What you will do
Whenever a picture appears in the data, skip it and write out all other material exactly.

Data extract
+===+

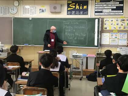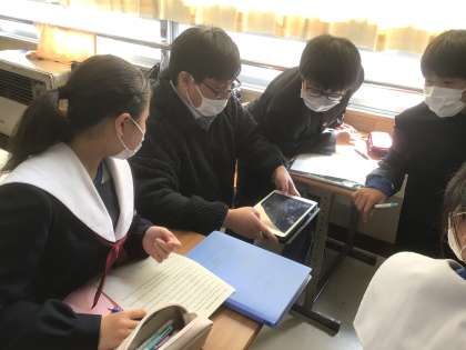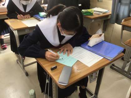 はじめにALTの先生の説明を聞き、書きたい文例を選びました。
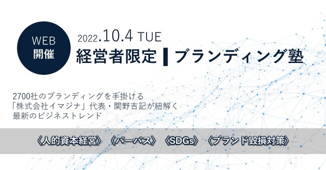 ブランディング事業を手掛ける株式会社イマジナは、10/4(火)にディスカッション形式のウェビナーを開催します。
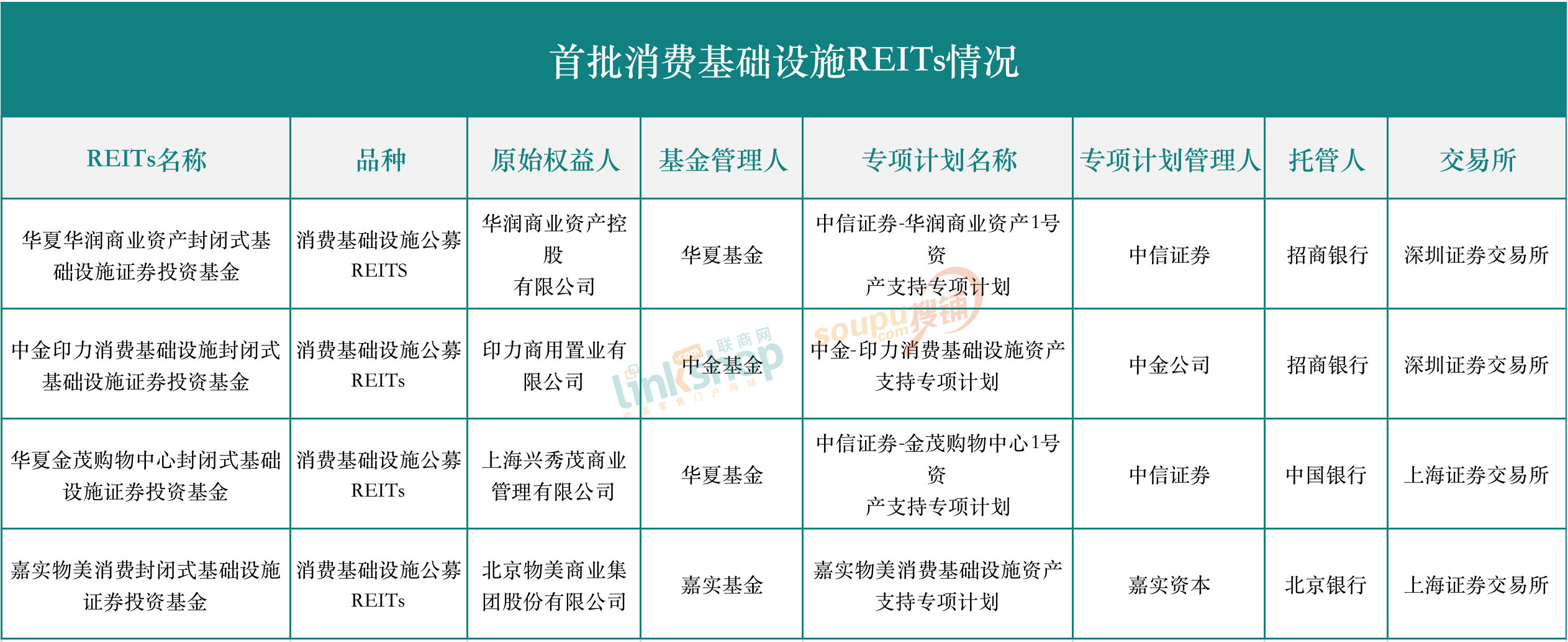 10月26日,證監(jiān)會(huì)及滬深交易所官網(wǎng)公開信息顯示,華夏基金、中金基金、嘉實(shí)基金分別上報(bào)了首批消費(fèi)基礎(chǔ)設(shè)施公募REITs,分別是華夏金茂購(gòu)物中心REIT、華夏華潤(rùn)商業(yè)資產(chǎn)REIT、中金印力消費(fèi)REIT、嘉實(shí)物美消費(fèi)REIT。四個(gè)原始權(quán)益人分別是華潤(rùn)置地、印力集團(tuán)、金茂商業(yè)和物美商業(yè)集團(tuán)。

+===+

Solution below
 はじめにALTの先生の説明を聞き、書きたい文例を選びました。
 ブランディング事業を手掛ける株式会社イマジナは、10/4(火)にディスカッション形式のウェビナーを開催します。
 10月26日,證監(jiān)會(huì)及滬深交易所官網(wǎng)公開信息顯示,華夏基金、中金基金、嘉實(shí)基金分別上報(bào)了首批消費(fèi)基礎(chǔ)設(shè)施公募REITs,分別是華夏金茂購(gòu)物中心REIT、華夏華潤(rùn)商業(yè)資產(chǎn)REIT、中金印力消費(fèi)REIT、嘉實(shí)物美消費(fèi)REIT。四個(gè)原始權(quán)益人分別是華潤(rùn)置地、印力集團(tuán)、金茂商業(yè)和物美商業(yè)集團(tuán)。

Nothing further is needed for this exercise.